**WORK ORDER**
Only lines, not pictures: please repeat exactly the lines from the one with "- After selecting" through the end of the listing.

**COLLECTED MATERIAL**
=== Section Start ===
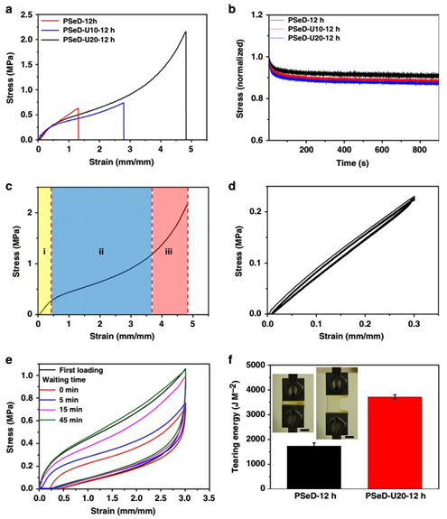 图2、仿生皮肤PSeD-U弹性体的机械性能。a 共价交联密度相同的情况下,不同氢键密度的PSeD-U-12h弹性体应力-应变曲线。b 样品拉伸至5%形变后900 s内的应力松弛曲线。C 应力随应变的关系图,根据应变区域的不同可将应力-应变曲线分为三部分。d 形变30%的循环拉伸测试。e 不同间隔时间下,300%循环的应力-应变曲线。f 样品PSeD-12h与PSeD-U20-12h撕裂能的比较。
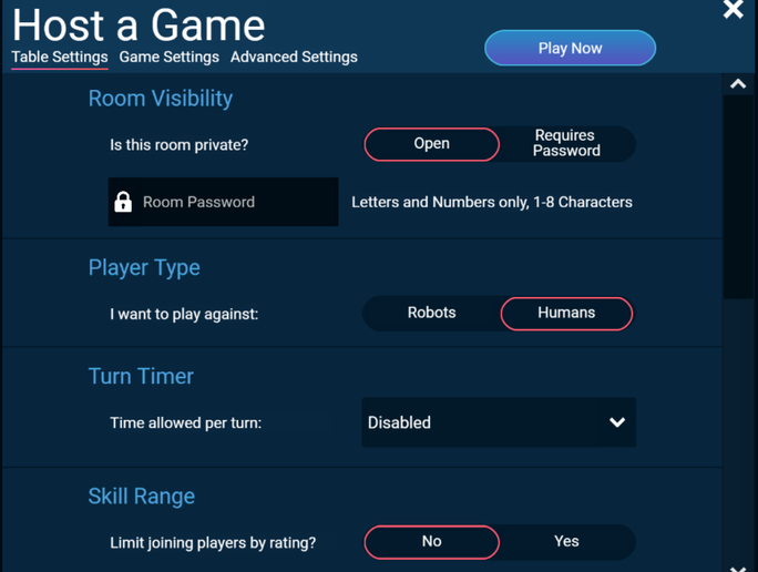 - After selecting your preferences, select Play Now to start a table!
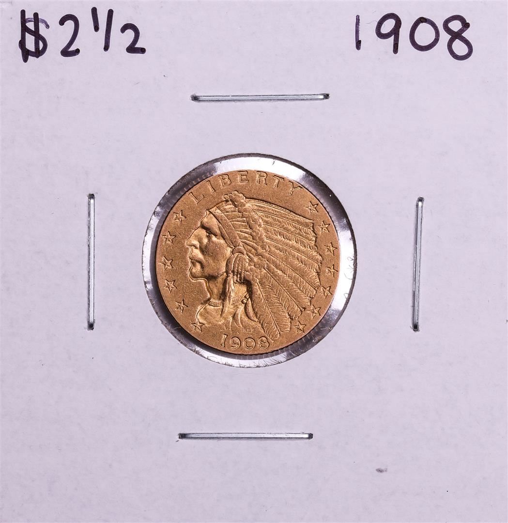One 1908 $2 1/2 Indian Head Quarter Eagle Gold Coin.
=== Section End ===
**EXERCISE ANSWER**
 - After selecting your preferences, select Play Now to start a table!
One 1908 $2 1/2 Indian Head Quarter Eagle Gold Coin.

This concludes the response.